Duss: As my friend, the international relations scholar Robert Farley says, “Every country has its neo-cons,” and Iranian neo-cons and American neo-cons can always be counted on to kind of always talk about the worst case scenarios and expect and assume the worst about their adversaries.

Holocaust Denial does not so much assume as confirm the worst about a person. However, I would go a step further than Senator Graham: If the president of a country believes “Israel must be wiped off the map,” dreams it is “possible for us to witness a world without America,” supported terrorists killing Americans in Iraq, may be interfering in Afghanistan, is a client of North Korea’s nuclear program, is being begged to export his nuclear technology to Venezuela, has forged ties with extremist Shi’ites to radicalize democratic and pluralistic Lebanon, is the world’s leading state sponsor of terrorism, and is headed by a religious fanatic who believes he is ushering in the end-times, the logical conclusion is not rosy.

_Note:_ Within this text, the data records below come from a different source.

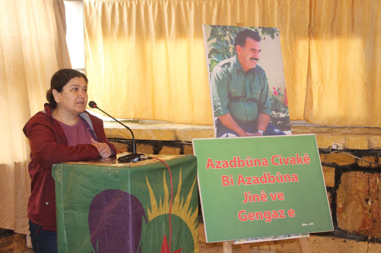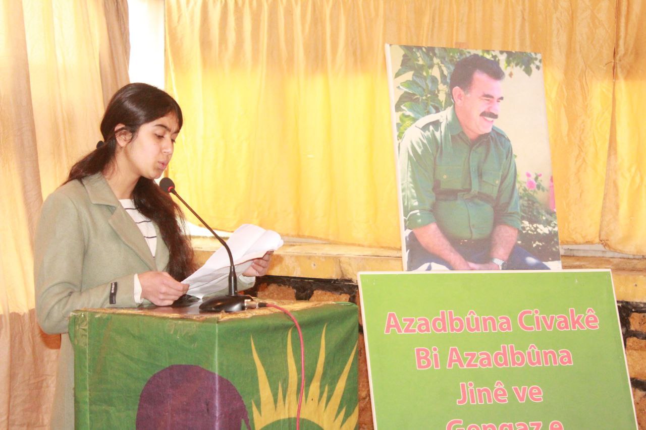 Sinevizyondan sonra katılımcılar, komplonun genç kadınlar üzerine etkileri üzerine konuştu. Şehit Şêlan Meclisi üyesi Seher Şewa, “Önderliğin fikirleri kadınların serhildana kalkmasını ve ilerlemesini sağladı. Bununla kadınlar özgür iradeleri ve güçlerine olan inançlarıyla yaşamın her alanına katıldılar” dedi.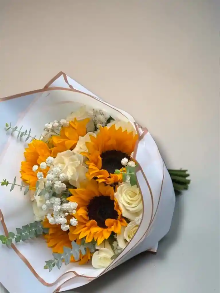 5 GIRASOLES Y 12 ROSAS BLANCAS CON EUCALIPTO Y GIPSOFILIA, ENVUELTO EN PAPEL COREANO ( COLOR DE PAPEL SEGUN DISPONIBILIDAD) Y MOÑO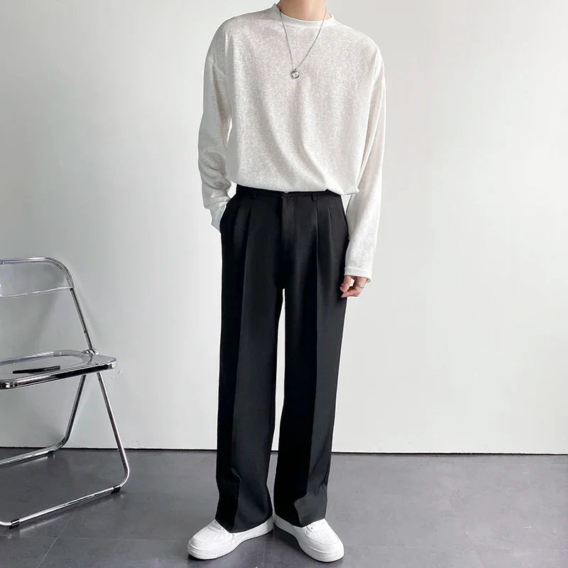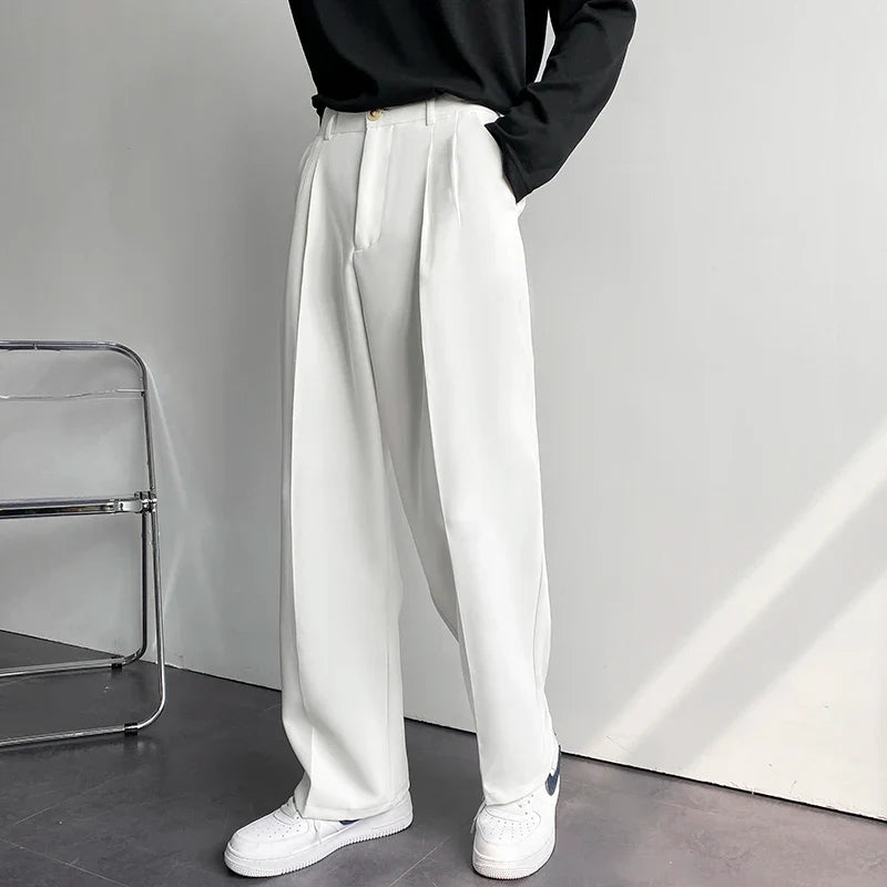 Solid Color Formal Suit Pants Men Korean Fashion Loose Casual Pants Men Harajuku Streetwear Wide-leg Straight-leg Pants Men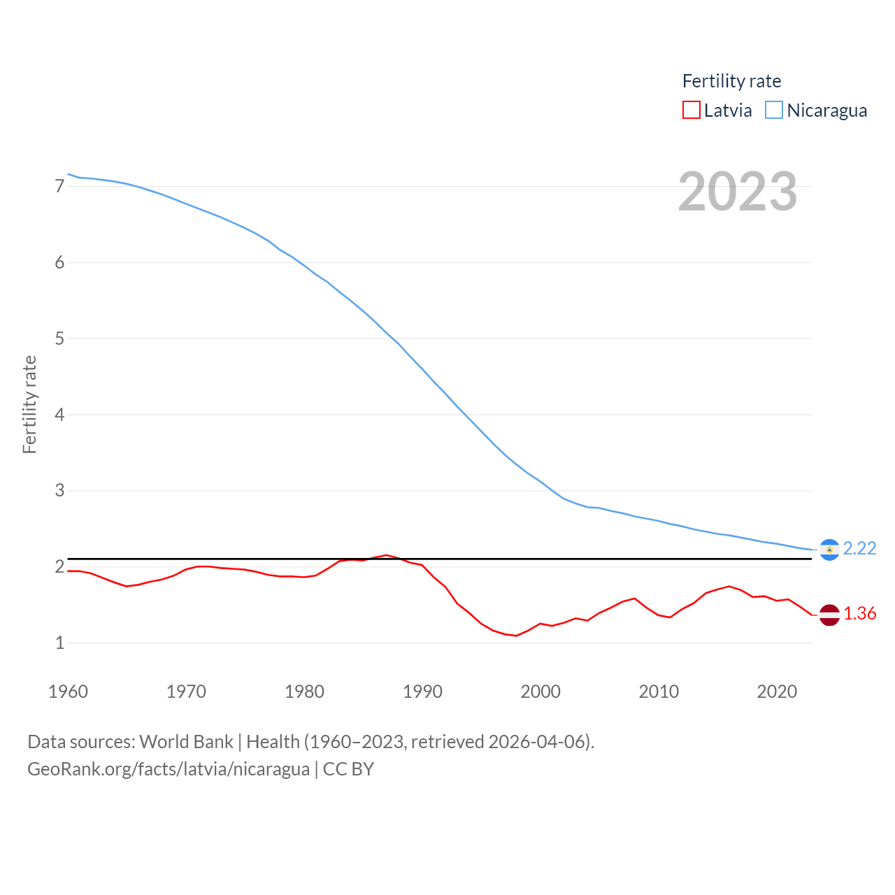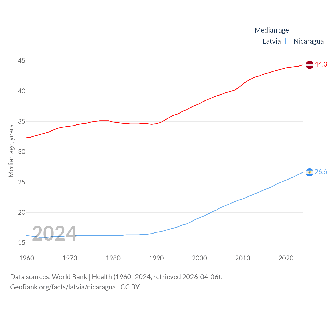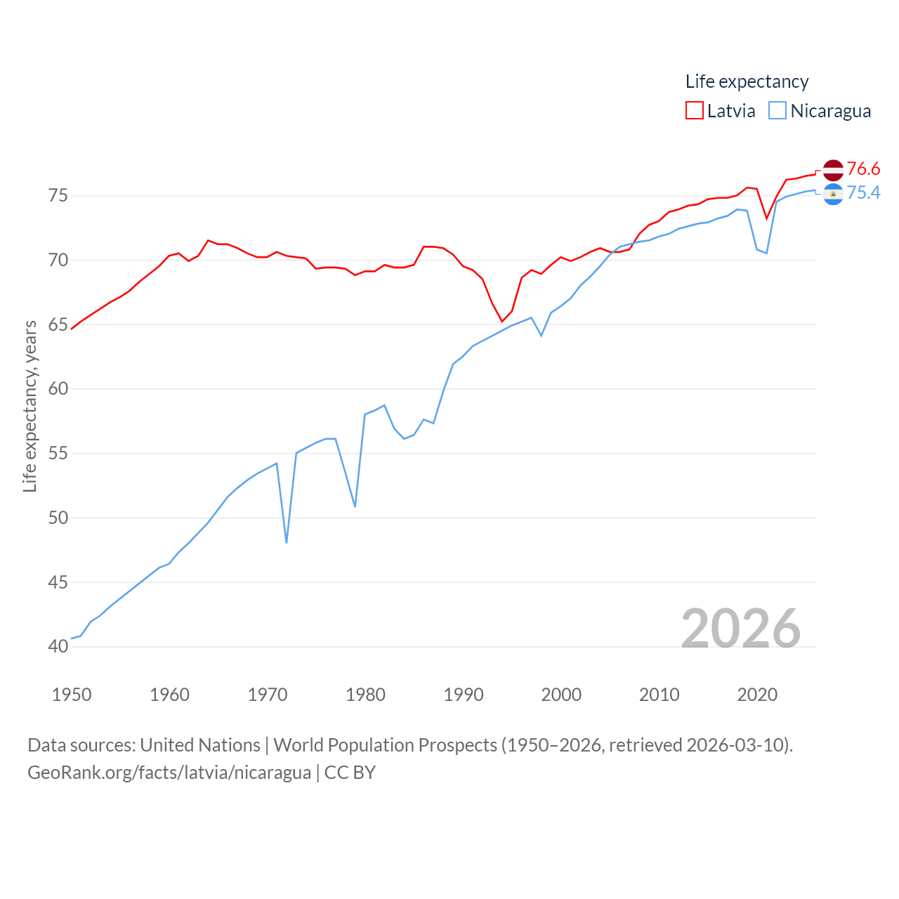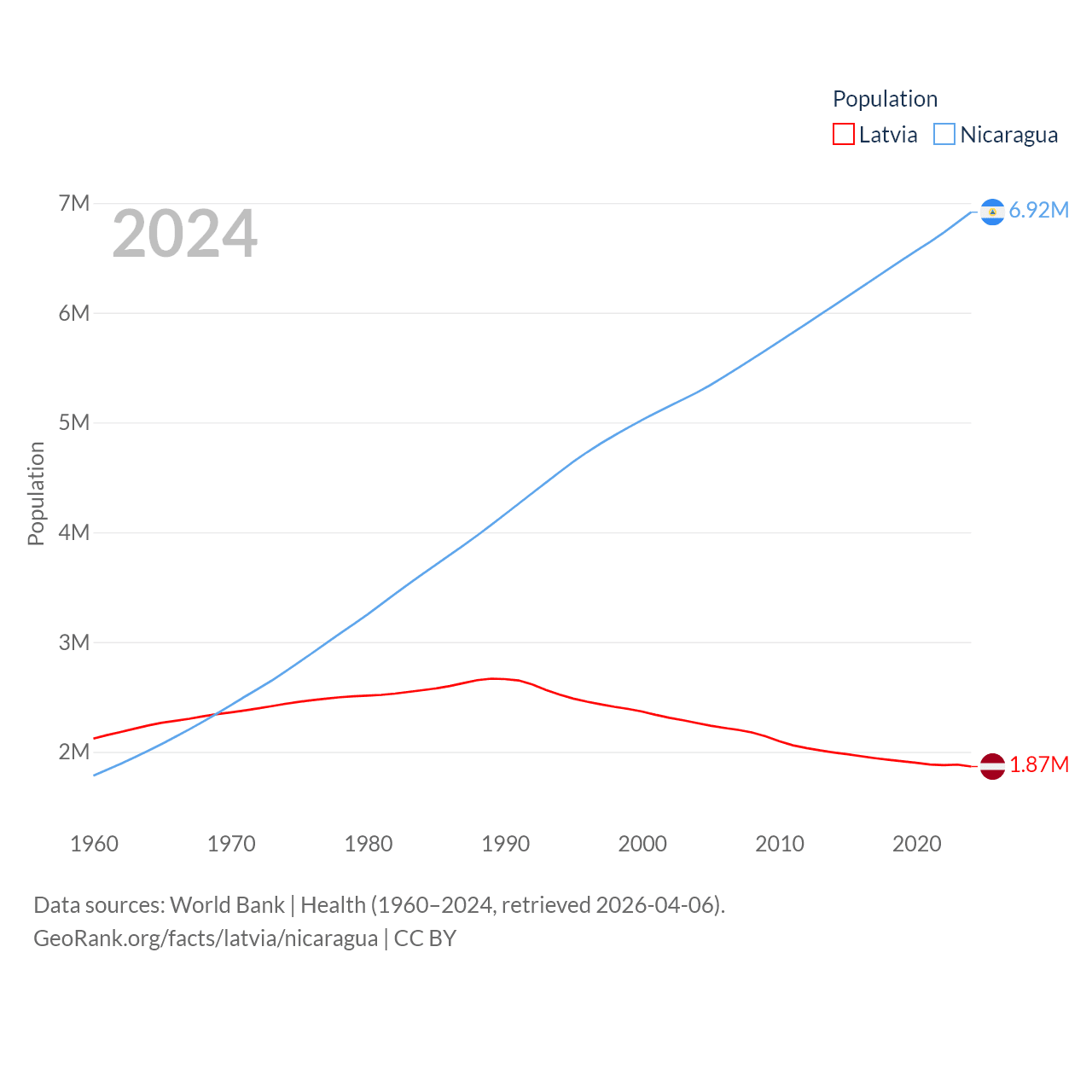 Latvia has a population of 1.87M (ranked 149/197), compared with 6.92M in Nicaragua (ranked 108/197). Latvia's land area is 24,027 sq mi versus 46,464 sq mi for Nicaragua (ranked 121st vs. 98th).

I suppose that qualifies me as a “neo-con,” in the same way Iran’s mullahs are “neo-cons.” (Did he say that? Out loud?)  These thoughts landed Duss a job at CAP and as a blogger at The American Prospect (TAP).

Over at TAP, Duss has written that it was “shameful” John McCain did not treat Hamas and Hezbollah more “charitably” when describing them as unfit to govern, insisted the Surge is “not even close” to “victory,” and thought Obama was oh-so-cagy to offer only the most tepid condemnation of the Iranian police beating pro-democracy protesters.

What perked my ears up was his mention of “international relations expert Robert Farley,” both the strangely incongruent words and the way he seemed pained to pronounce them, as though aware he doth protest too much. The name woke me up, because David Horowitz and I had an exchange — I can’t call it a debate or conversation — with Robert Farley (also of TAP) just under a year ago when he “reviewed” our book Party of Defeat. You can read Robert Farley’s lazy effort and our demolition of it here.

Our readers commented on the poor quality of Farley’s essay (and mind). Donald Douglas of American Power blog had an outstanding critique of Farley’s “review” and a subsequent take down of Farley’s snarky cover story.

Unfortunately, these are examples of what pass for “international relations scholars” on the Left now, and it explains a lot.